The boat was built by the first commodore of the New York Yacht Club, John Cox Stevens, and a syndicate of businessmen who wanted the fastest yacht in America. Shipbuilder William H. Brown promised that if it did not beat every boat in the United States - and England - he would build it for free.
An invitation was circulating in New York for a yacht to show off America's ship design skills at the Great Exhibition at the Crystal Palace in London. Stevens took up the invitation and with Captain Dick Brown at the helm, America became the first yacht to sail across the Atlantic.

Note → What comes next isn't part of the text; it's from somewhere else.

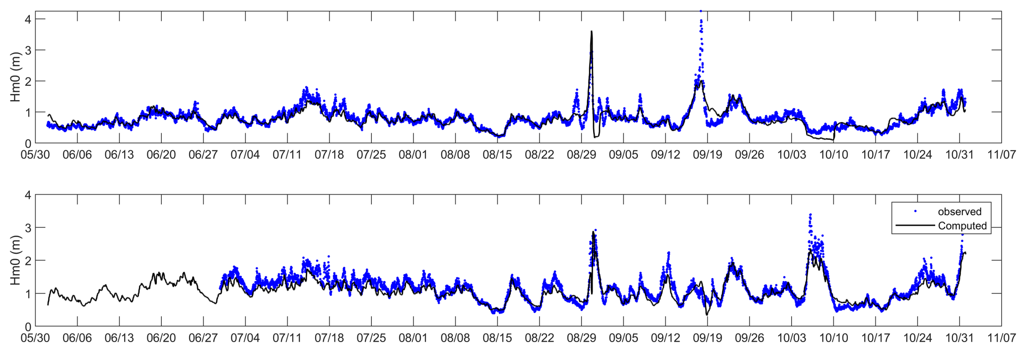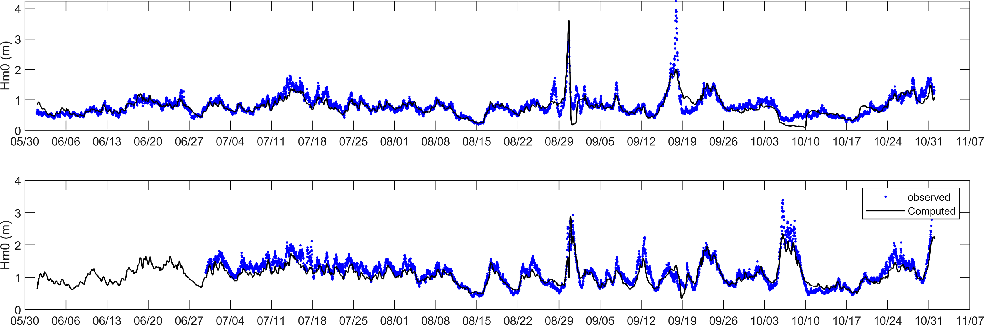 The time series of the large-scale model simulation are shown in Fig. 12. First, as an indication of the quality of the ERA5 hindcast, the observations at the point 8 at 15 m water depth are generally reproduced quite well, except for a small event at 3 November, which is completely missed by ERA5; during that period, both wave directions and wind directions are offshore in ERA5 so there is no possibility of getting such nearshore wave heights in the order of 2 m. The other peaks are generally predicted well, sometimes with a phase shift in the order of a few hours.

Sailing up the harbour to Cowes the boat was met by British cutter Laverock. America eased past her with such grace that no one would take up Stevens' challenge for a race. He then offered prizemoney - still no takers.
The Times of London scolded the British sailing fraternity, so the Royal Yacht Squadron let America sail in one of its races, for the Hundred Guinea Cup.
America was the last boat to start in a fleet of 15 of the finest British craft - she could not raise her sails until she had lifted her anchor. Nevertheless, she made her way through the pack, and won the race by eight minutes from her nearest rival, the 47-ton cutter Aurora.
As was to become tradition, there was a protest before America was handed her cup. She had sailed inside the Nab lighthouse instead of outside, but Stevens successfully argued his crew had been given the wrong racing instructions.